_Exercise instructions:_
Only one stretch of the data is wanted: the line containing "证券之星消息,截至2026年", the line containing "Дымовая труба в", and every line between them, copied exactly.

_Provided data:_
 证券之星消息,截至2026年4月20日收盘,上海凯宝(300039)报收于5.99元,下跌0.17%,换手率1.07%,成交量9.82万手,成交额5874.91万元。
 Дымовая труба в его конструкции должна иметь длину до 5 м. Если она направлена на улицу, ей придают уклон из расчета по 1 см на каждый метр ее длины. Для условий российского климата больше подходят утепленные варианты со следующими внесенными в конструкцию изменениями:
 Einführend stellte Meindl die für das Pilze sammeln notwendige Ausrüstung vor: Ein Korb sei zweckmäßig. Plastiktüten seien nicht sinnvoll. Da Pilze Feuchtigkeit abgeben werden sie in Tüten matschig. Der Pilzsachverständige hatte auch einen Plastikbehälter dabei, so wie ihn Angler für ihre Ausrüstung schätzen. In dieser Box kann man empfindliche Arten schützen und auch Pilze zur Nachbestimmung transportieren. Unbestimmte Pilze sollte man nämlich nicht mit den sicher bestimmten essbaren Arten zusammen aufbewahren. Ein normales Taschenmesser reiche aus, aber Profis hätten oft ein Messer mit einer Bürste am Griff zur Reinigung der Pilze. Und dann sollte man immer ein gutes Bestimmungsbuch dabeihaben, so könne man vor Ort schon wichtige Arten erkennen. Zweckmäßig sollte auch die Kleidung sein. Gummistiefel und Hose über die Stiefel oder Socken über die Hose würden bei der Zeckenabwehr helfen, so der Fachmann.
--
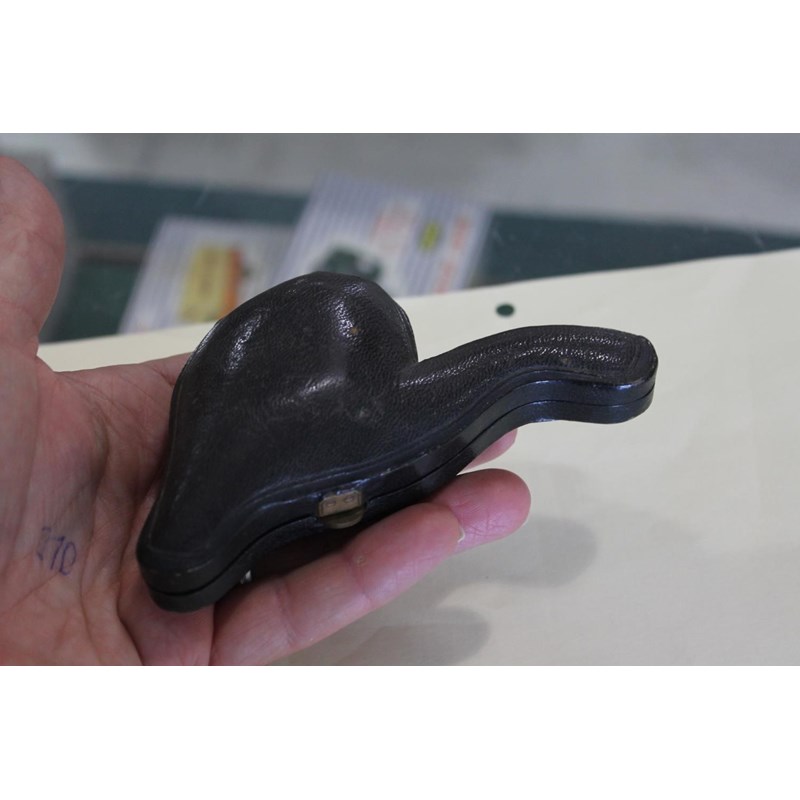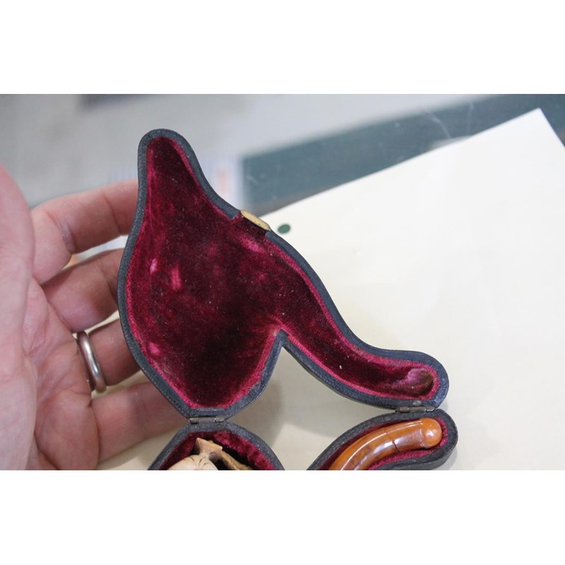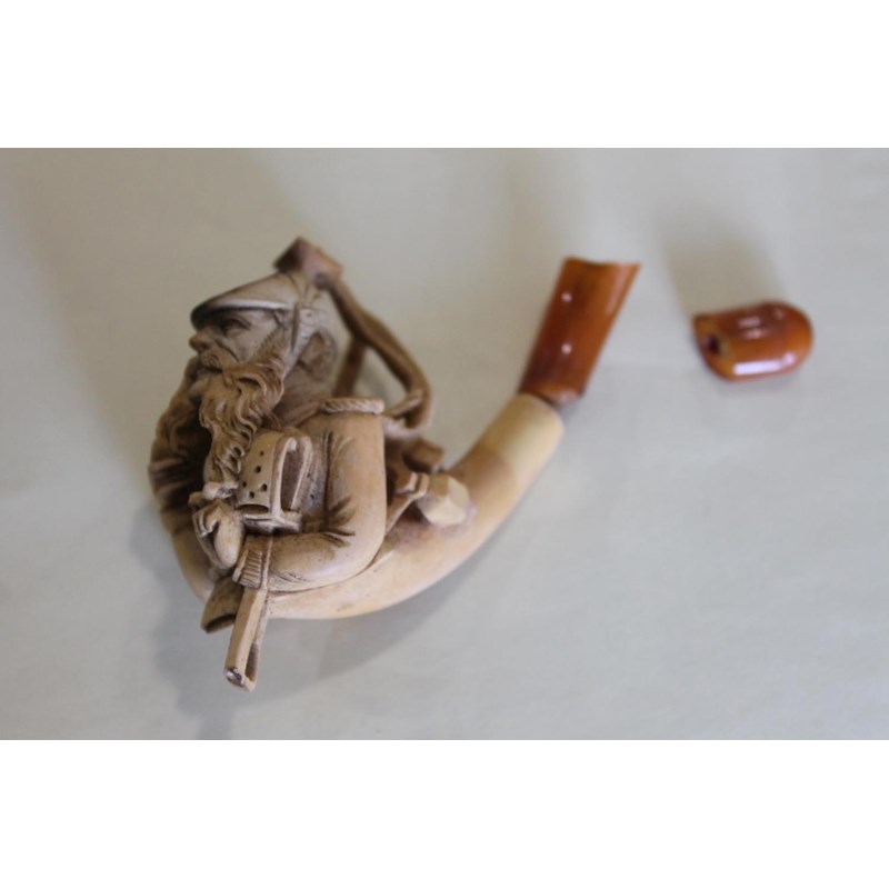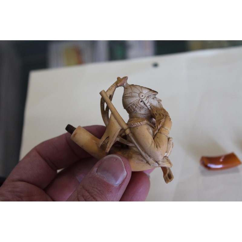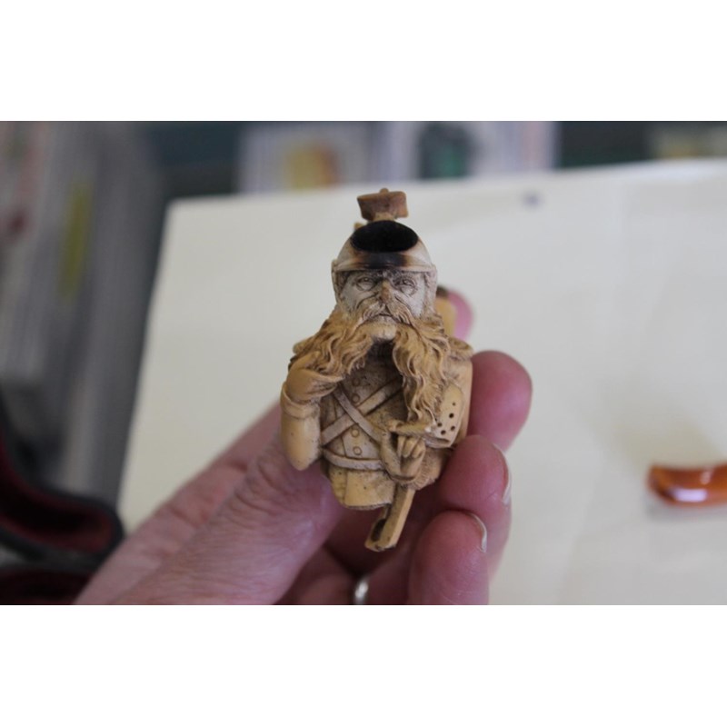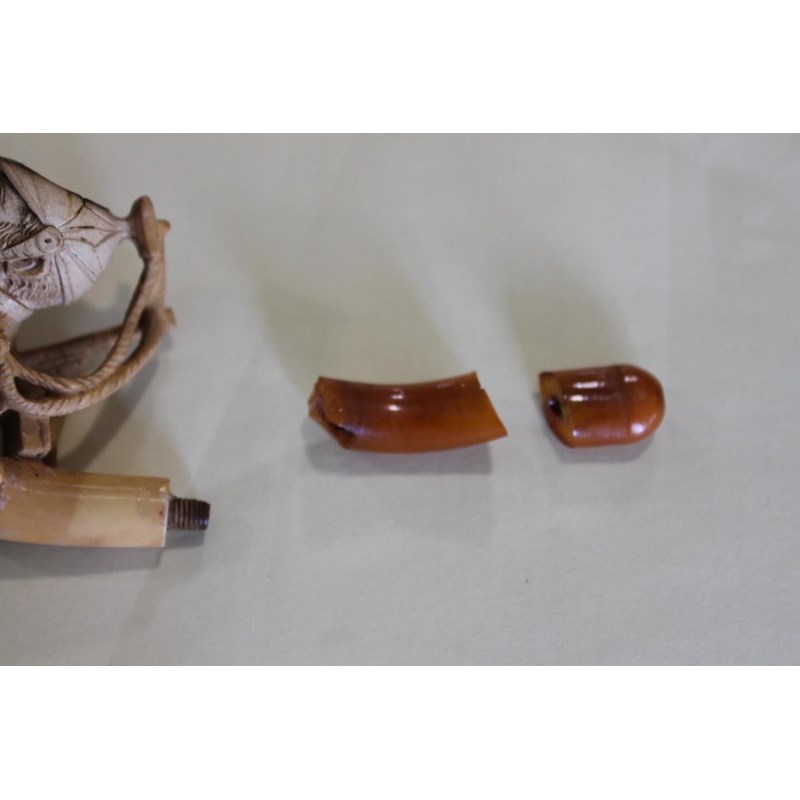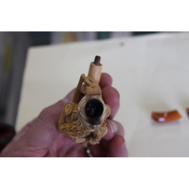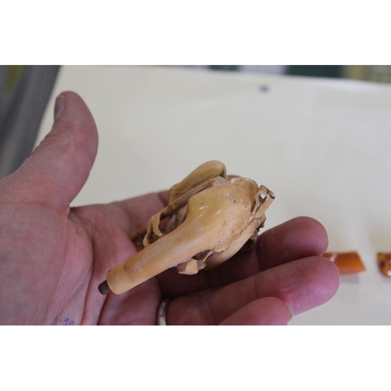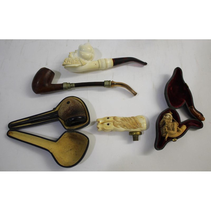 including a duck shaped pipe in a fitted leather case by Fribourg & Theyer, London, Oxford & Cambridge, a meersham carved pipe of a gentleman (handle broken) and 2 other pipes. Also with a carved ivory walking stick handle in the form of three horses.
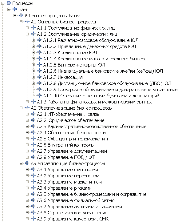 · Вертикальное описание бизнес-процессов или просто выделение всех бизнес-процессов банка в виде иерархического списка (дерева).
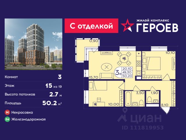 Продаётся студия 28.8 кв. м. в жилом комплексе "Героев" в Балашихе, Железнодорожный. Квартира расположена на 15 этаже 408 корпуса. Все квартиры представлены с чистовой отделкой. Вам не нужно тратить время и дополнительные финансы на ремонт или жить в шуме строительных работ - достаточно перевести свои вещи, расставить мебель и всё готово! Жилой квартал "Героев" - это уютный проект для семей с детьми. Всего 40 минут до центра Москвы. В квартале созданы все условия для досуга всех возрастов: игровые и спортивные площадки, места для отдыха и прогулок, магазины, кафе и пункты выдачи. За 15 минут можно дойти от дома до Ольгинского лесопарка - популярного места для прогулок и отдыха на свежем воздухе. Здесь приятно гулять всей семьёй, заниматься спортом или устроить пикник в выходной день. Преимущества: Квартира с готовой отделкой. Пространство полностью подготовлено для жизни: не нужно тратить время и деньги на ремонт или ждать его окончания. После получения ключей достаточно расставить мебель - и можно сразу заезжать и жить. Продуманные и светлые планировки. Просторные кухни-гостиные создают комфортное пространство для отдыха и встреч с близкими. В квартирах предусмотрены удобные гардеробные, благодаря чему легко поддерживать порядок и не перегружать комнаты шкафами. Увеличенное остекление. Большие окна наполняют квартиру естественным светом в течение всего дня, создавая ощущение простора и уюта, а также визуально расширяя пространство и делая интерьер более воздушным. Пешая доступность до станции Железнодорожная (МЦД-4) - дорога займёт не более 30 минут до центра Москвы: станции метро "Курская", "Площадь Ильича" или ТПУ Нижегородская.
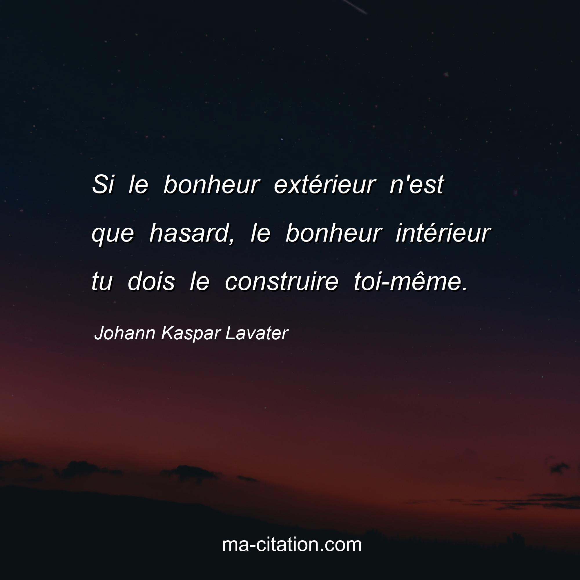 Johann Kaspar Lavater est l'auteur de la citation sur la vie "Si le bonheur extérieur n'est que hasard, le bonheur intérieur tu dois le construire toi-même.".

_Response area:_
 证券之星消息,截至2026年4月20日收盘,上海凯宝(300039)报收于5.99元,下跌0.17%,换手率1.07%,成交量9.82万手,成交额5874.91万元。
 Дымовая труба в его конструкции должна иметь длину до 5 м. Если она направлена на улицу, ей придают уклон из расчета по 1 см на каждый метр ее длины. Для условий российского климата больше подходят утепленные варианты со следующими внесенными в конструкцию изменениями:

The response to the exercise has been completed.